Não por acaso, Solange sempre reforça que os homens com quem transa são “piores” que seu marido, porque no limite esses sexos só existem para que tolere melhor a realidade do seu casamento. Existe um acordo de civilidade entre os homens que aqui interagem, seja Carlinhos com seu pai, seja Carlinhos com seu amigo, seja o motorista do ônibus com o cobrador, que prevê secretamente que as relações horizontais e confiáveis são apenas entre eles, como se o suposto mistério feminino fosse cruel o suficiente para não ser digno de confiança. A questão mais engraçada da sátira multifacetada que Neville propõe é que algo nunca discutido entre esses homens é que os seus desejos são a única forma de quebrar esse elo civilizado, de que secretamente esses homens entendem que relação alguma resiste ao desejo do pau; e assim Solange consegue dar pro pai do marido, pro melhor amigo do marido, e literalmente nada muda.

O que escapa à sátira, pontualmente, são as relações femininas que Neville filma. Como em Matou a Família e Foi ao Cinema, parece que existe uma atenção dramática especial, mesmo diante da crítica de classe, a relações que escapam dos homens que buscam o controle. A bela cena de tensão entre a mãe de Nuno Leal Maia e sua amiga (e amante) Matilde é um toque de mergulho no melodrama sem a ironia que atravessa todas as outras relações do filme. Nesse sentido Neville parece estar filmando Nelson Rodrigues até quando não está, mas diferente do carnaval cataclísmico de Rio Babilônia, aqui o diretor deixa seus comentários sociais diretos escorrerem por entre a dramaturgia, mais pontuado, ainda que não mais sutil. Essa atenção às neuroses da classe média perdida não furta o diretor de filmar o Rio de Janeiro contrastante, visto pelas janelas dos ônibus, na janela fechada do carro, na praia cheia que nunca acessamos – sempre sob o ponto de vista de Solange, sempre diante da progressão do seu arco dramático de pouca transformação e muita autopunição.

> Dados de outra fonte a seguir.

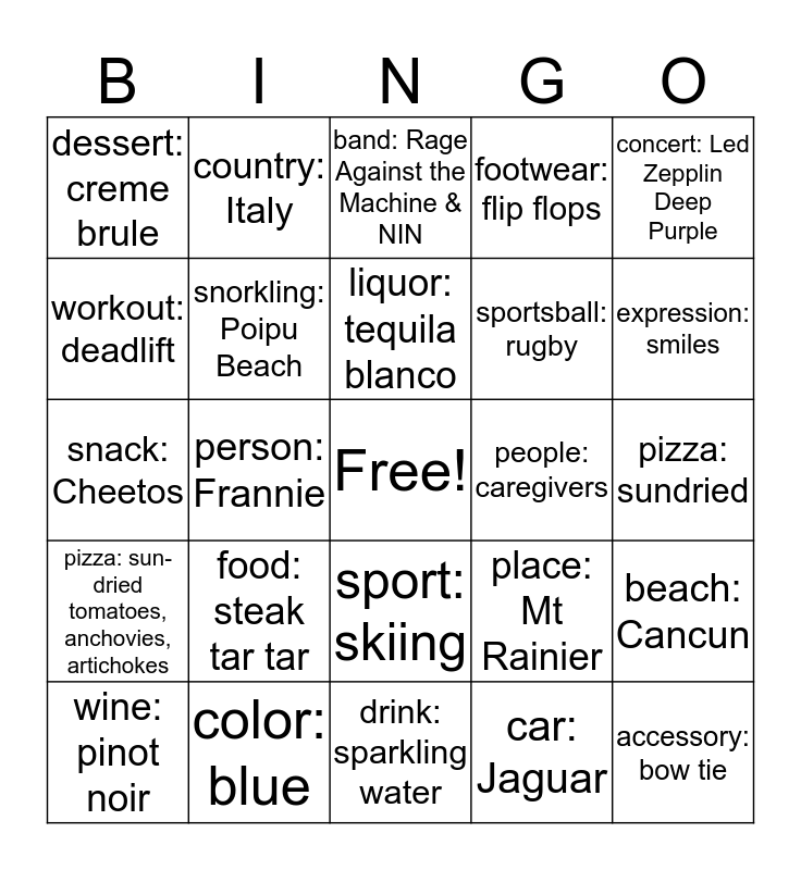 This bingo card has a free space and 25 words: food: steak tar tar, drink: sparkling water, liquor: tequila blanco, wine: pinot noir, concert: Led Zepplin Deep Purple, dessert: creme brule, workout: deadlift, country: Italy, people: caregivers, sport: skiing, sportsball: rugby, snack: Cheetos, place: Mt Rainier, beach: Cancun, snorkling: Poipu Beach, play: practical jokes, pizza: sundried, band: Rage Against the Machine & NIN, expression: smiles, person: Frannie, accessory: bow tie, color: blue, pizza: sun-dried tomatoes, anchovies, artichokes, footwear: flip flops and car: Jaguar.

Evitar as perversões do outro na suposta civilidade da cidade culmina no desligamento de Solange dos planos familiares, do que se espera dela, e portanto tudo deve acabar numa praia vazia, da última foda com Sônia Braga e Paulo Villaça, felizes em estarem isolados, diante de uma utopia apenas deles depois de se conhecerem num ônibus, descartável como qualquer relação a qual Solange se submete em busca de sentir algo, de ser punida por seus atos. Seja chamada de segurança, seja de medo, seja de raiva de classe, o fio que liga o emocional dessa classe média retratada é o da vontade de sumir da cidade.

Esse mal-estar de classe é por todo momento refletido diretamente na forma que se lida com sexo, como se esse fosse um canal apropriado de intimidade para não se ter vergonha ou culpa de implorar por violência, por punição. Solange busca ser a mulher de todos principalmente porque quer sofrer alguma consequência que seja de seus atos; a questão é que no Rio de Janeiro, se você é de berço, se você é abastado, se existe privilégio de classe que seja, a possibilidade de que se arque com alguma responsabilidade é muito pequena. Cabe à dama explorar seu prazer implodindo as noções de masculinidade e família dos que a machucam sem sua autorização.